The hold down can either hold the work flat to the table or hold the work vertically against the corner when drilling into the end of a dowel or other small part. Since the sled can slide horizontally on the table, the side fence also serves as a stop block for making repetitive holes in multiple parts. The photos show how it works.


----------



## Dmeadows (Jun 28, 2011)

Quite ingenious, Oliver. May have to copy it!


----------



## greenacres2 (Dec 23, 2011)

Nice jig--simple but effective. One of the few items I've seen you build that I "think" I might be able to do at my level of skill!! 
earl


----------



## OPG3 (Jan 9, 2011)

Olly, I am glad you have made and shared this with us. I was just telling the "big-shots" at Quercus - Ferrous about you and some of your creativity. If you ever need a job, they might make you an offer, one really cool thing about those guys is that you can open-up your own (run-it-as-you-wish) manufacturing facility - where ever you wish, as long as there is no other competition with 30 kilometers.

I have two questions: 

1. Will this high-quality gizmo work on metric, or is it like so many other US- made items in being Imperial only?
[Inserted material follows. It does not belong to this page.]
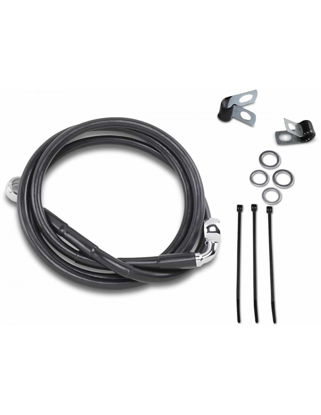 Drag SpecialtiesKit tubo freno in vinile nero a lunghezza maggiorataCon tubi più lunghi in treccia metallica con rivestimento nero in vinile con raccordi in acciaio cromato Made in the USA< /li> Tutte le misure sono approssimative

2. Are you making big plans for your birthday celebration TOMORROW?

Otis


----------



## Gaffboat (Mar 11, 2012)

OPG3 said:


> Olly, I am glad you have made and shared this with us. I was just telling the "big-shots" at Quercus - Ferrous about you and some of your creativity. If you ever need a job, they might make you an offer, one really cool thing about those guys is that you can open-up your own (run-it-as-you-wish) manufacturing facility - where ever you wish, as long as there is no other competition with 30 kilometers.
> 
> I have two questions:
> 
> ...


1. Yes, it is a metric / imperial hybrid that works in all regions but closed captioning and subtitles are only available on demand. 

2. As to the birthday, you can see by the attached magazine cover that the Adventure Chronicles continue and the stakes are getting higher.


----------



## MT Stringer (Aug 15, 2012)

That is really nice and well thought out. Good job.


----------



## jw2170 (Jan 24, 2008)

Dash it, Oliver. You are a few days late......VBG.

I just dissembled a jig like that on Sunday. Could not remember why I made it....

A couple of slots and I would have it done....

Good idea, BTW.


----------



## Cherryville Chuck (Sep 28, 2010)

Great idea Oliver, I hope you didn't patent it. I need to make a copy.


----------



## Gaffboat (Mar 11, 2012)

Cherryville Chuck said:


> Great idea Oliver, I hope you didn't patent it. I need to make a copy.


No patents Charles, that's what this forum is all about — sharing ideas. Glad you found something you can use.


----------



## MartinW (Jun 26, 2013)

Hi Oliver,

nice jig you made - and with those tiny pieces to drill into, I'd consider it an essential one.
You certainly don't want to hold them by hand 

Martin


----------



## chessnut2 (Sep 15, 2011)

Oliver...........Great idea. What is the metal clamping part made from? Thanks.


----------



## Gaffboat (Mar 11, 2012)

chessnut2 said:


> Oliver...........Great idea. What is the metal clamping part made from? Thanks.


The metal part I'm using as a hold down is actually for holding a router under an old Ryobi router table. (Does that make it a hold up? :laugh Just re-cycling parts to save money. There are similar clamps, like Rockler's mini hold down, that would work as well.


----------



## chessnut2 (Sep 15, 2011)

Thanks.


----------



## DJMikeT (Jul 21, 2013)

Great jig idea, I may have to make one of these as well. Thanks for sharing your idea.


----------